FloPoCo [12] is a command line framework written in C++ that has been designed with this aim and proved to be a very efficient library that generates VHDL floating point cores compatible with the IEEE-754 Floating Point Standard principles. In FPGA-based designs, FloPoCo contributes to implementing circuits with just the right precision by scaling the mantissa bits and by highlighting the flexibility of the platform.

### III. PROBLEM FORMULATION AND ALGORITHM MODIFICATION

The round-off error that is unavoidably introduced by floating point computation could lead to inaccuracy that impacts on the correct operation of many algorithms. One of these algorithms is ray tracing and the two types of error that arise are: *false misses* and *false hits*. An efficient way to ensure the correct functionality of the ray/AABB intersection test while concurrently downscaling precision is to compute *runtime* bounds on the numerical computation. These bounds represent each value as a range of possibilities, so using this idea to perform floating point operations yields a *set of values* summarised by an *interval*, and guarantees handling of rounding errors directly during computation.

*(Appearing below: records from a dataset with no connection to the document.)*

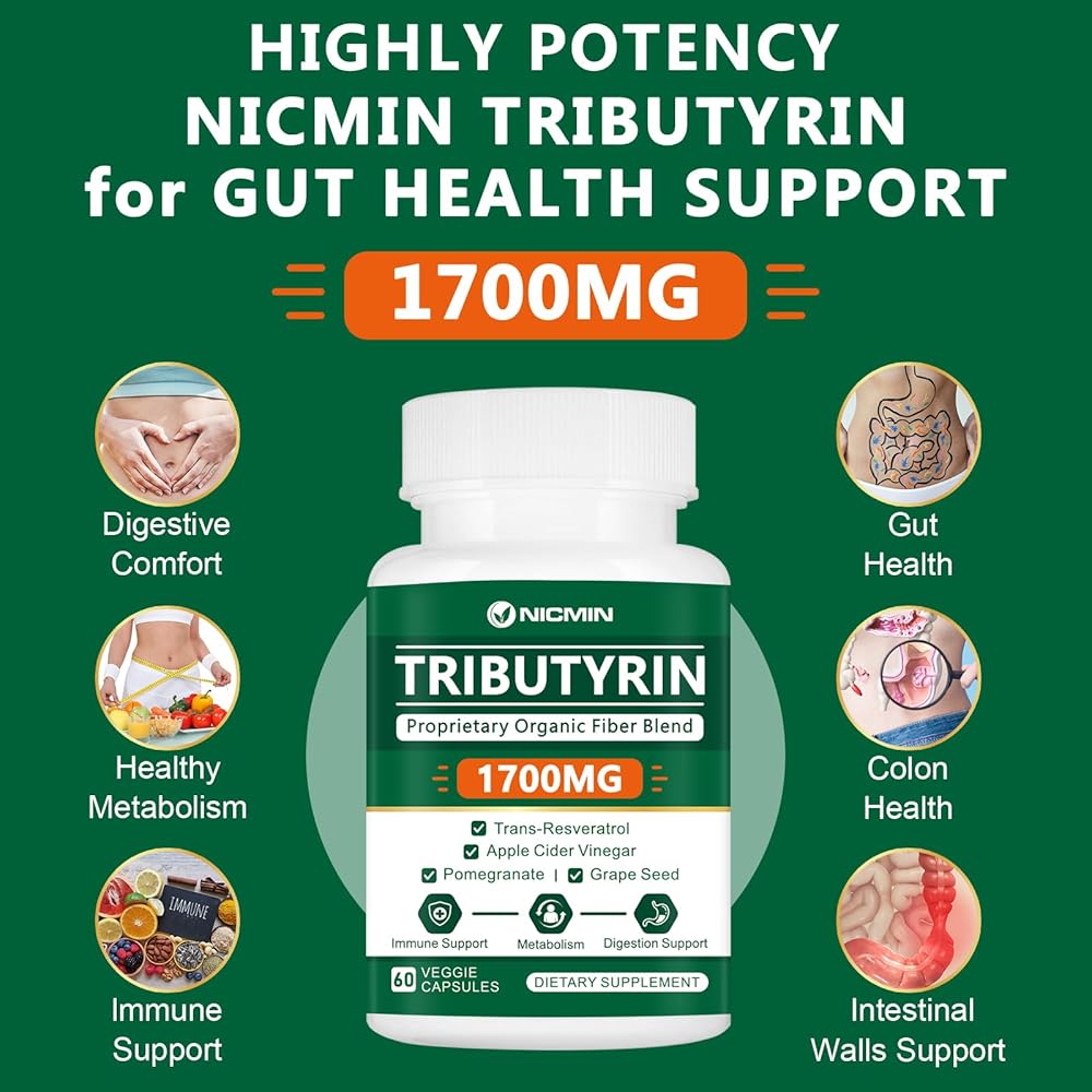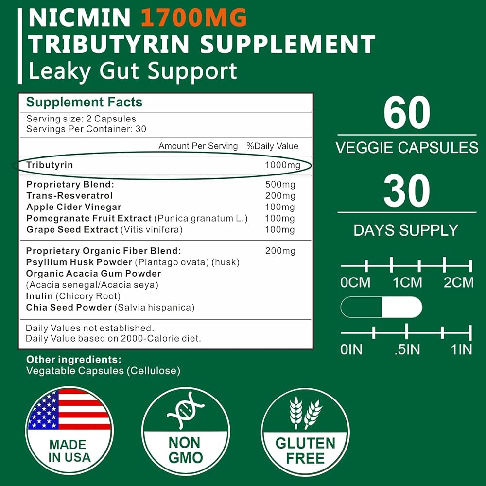 • ملحق Tributyrin 1700mg: يوفر Nicmin 1000mg Tributyrin Plus 700mg مزيج للفرد في حين أن معظم مكملات Tributyrin لديها جرعات منخفضة من ترينبرين 500 ملغ.
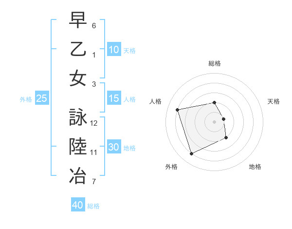 早乙女 詠陸冶さんの総格は40画の2点
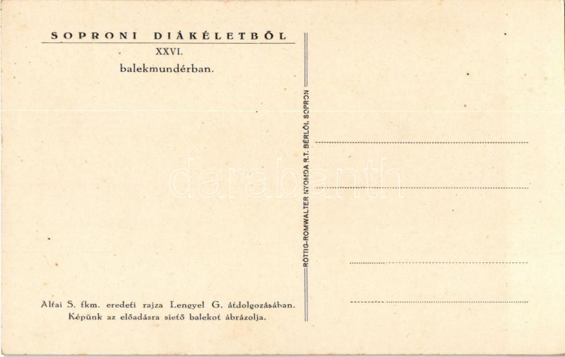 Sopron, A soproni diákéletből XXVI. Balekmundérban. Altai S. fkm. ered... https://www.darabanth.com/en/41-Major-auction/41.1/Postcards/Hungary~16958/Sopron-A-soproni-diakeletbol-XXVI-Balekmunderban-Altai-S-fkm-eredeti-rajza-Lengyel-G-atdo~II3008309
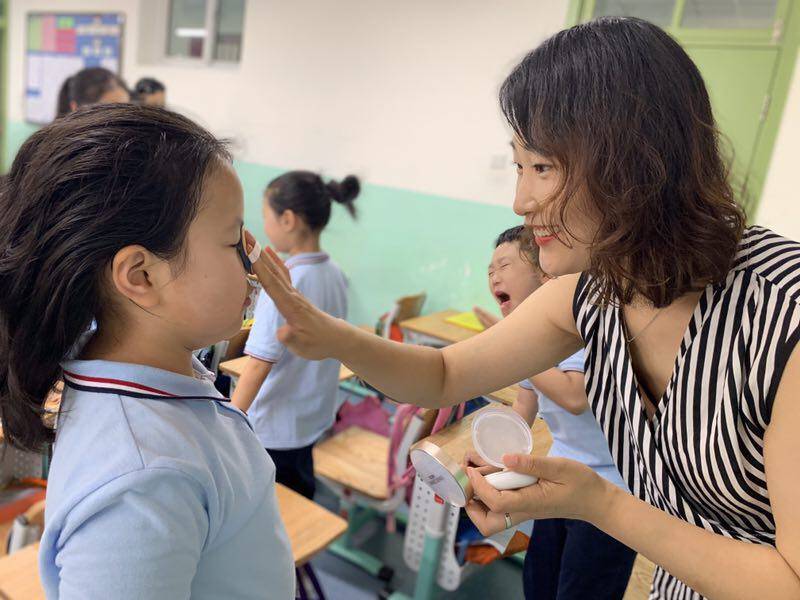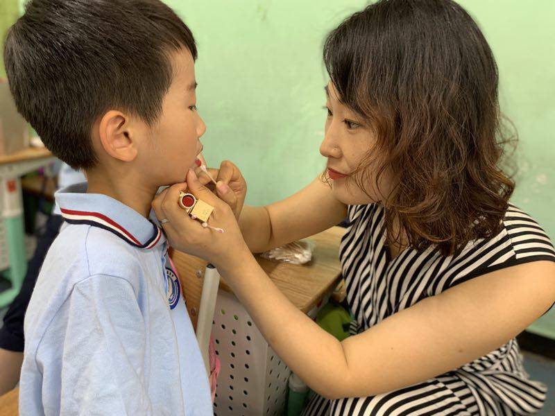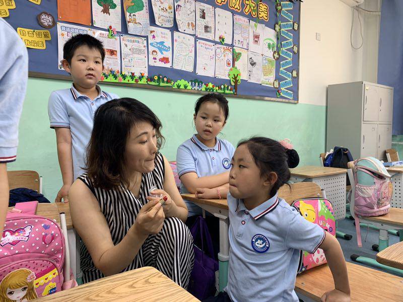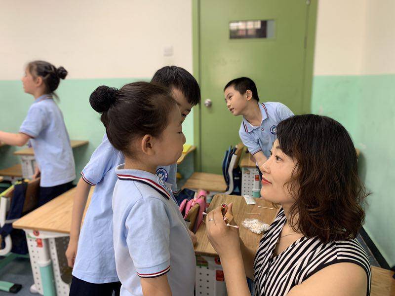 今天女儿学校举行诗词吟唱比赛,我报名来给宝贝们化妆,其实我是0技术只想凑热闹让女儿高兴😁。午饭后来到教室果然女儿看到我乐得手舞足蹈😄,小朋友们也热情高涨😂。各个画的蓝眼皮红脸蛋红嘴唇👄可爱极了😂。还有家长为我们拍下照片。回来的路上女儿高兴的拉着我说:以后再有活动还要我报名。我答应她了,我说其实妈妈能参与你们的活动也特别开心😃
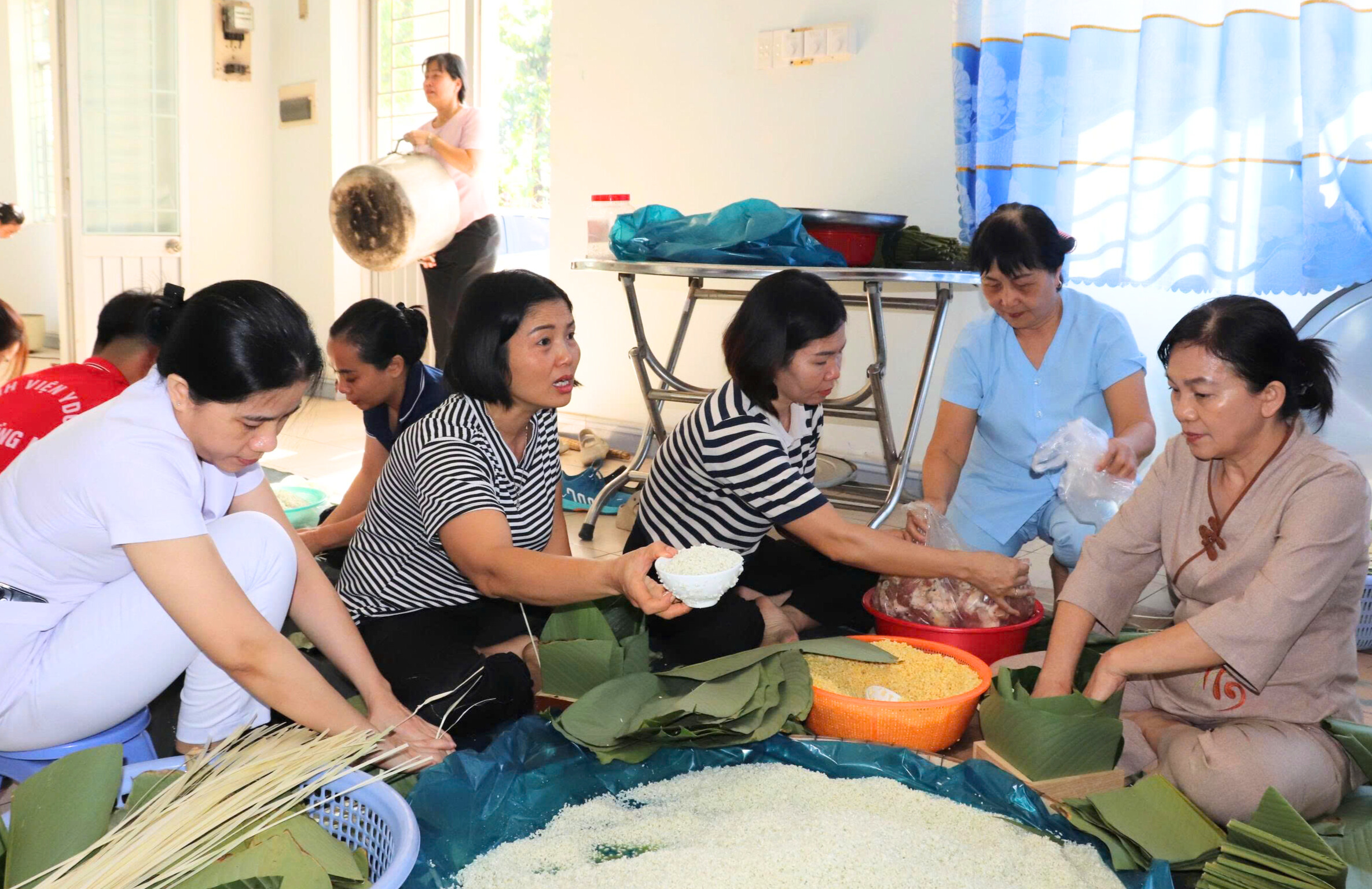 Nhân viên của bệnh viện gói bánh chưng chuẩn bị trao tặng cho người bệnh.

Figure 4 illustrates the problem of the quantization error in 2D, the original ray (black color) hits the box near the edge, but the one computed with floating point operations (blue color) misses the box and produces a false miss. As can be observed for the original ray/AABB test, the computed intervals  $[t_{xmin}, t_{xmax}]$  and  $[t_{ymin}, t_{ymax}]$  are valid since they are non-empty and overlap the ray. On the other hand, the computed intervals for the blue ray are valid  $[t_{xmin}^{\prime},t_{xmax}^{\prime}],$  $[t'_{ymin}, t'_{ymax}]$  but they do not overlap the ray since  $t'_{xmin} >$  $t'_{ymax}$ , leading to a false miss. In reality the differences in x1, x1', y1, y1', x2, x2', z2, z2' and to the t distances values are very small in high precision, but as the precision is scaled down these differences become larger. The differences in these values occur due to: a) less precision used to represent the ray's origin and reciprocal direction coordinates/vector and the slabs coordinates that form the box, b) less accurate floating point subtractions and multiplications that the algorithm computes.

To solve the problem of false misses, we have introduced the following methodology:

- Describe the AABB's minimum and maximum point, the ray's origin point and the ray's reciprocal direction vector with lower and upper values using intervals.
- 2) Split the computation of the intervals for  $t_{min}$  and  $t_{max}$  depending on the ray's origin in correspondence with the AABB's minimum and maximum point and for each floating point operation; perform appropriate rounding by using the correct *directed rounding* modes.



Fig. 4: In black: The original ray hits the box (infinite precision),  $[t_{xmin}, t_{xmax}]$  and  $[t_{ymin}, t_{ymax}]$  overlap the ray. In blue: the ray misses the box due to round-off error,  $[t_{xmin}', t_{xmax}']$  and  $[t_{ymin}', t_{ymax}']$  do not overlap the ray.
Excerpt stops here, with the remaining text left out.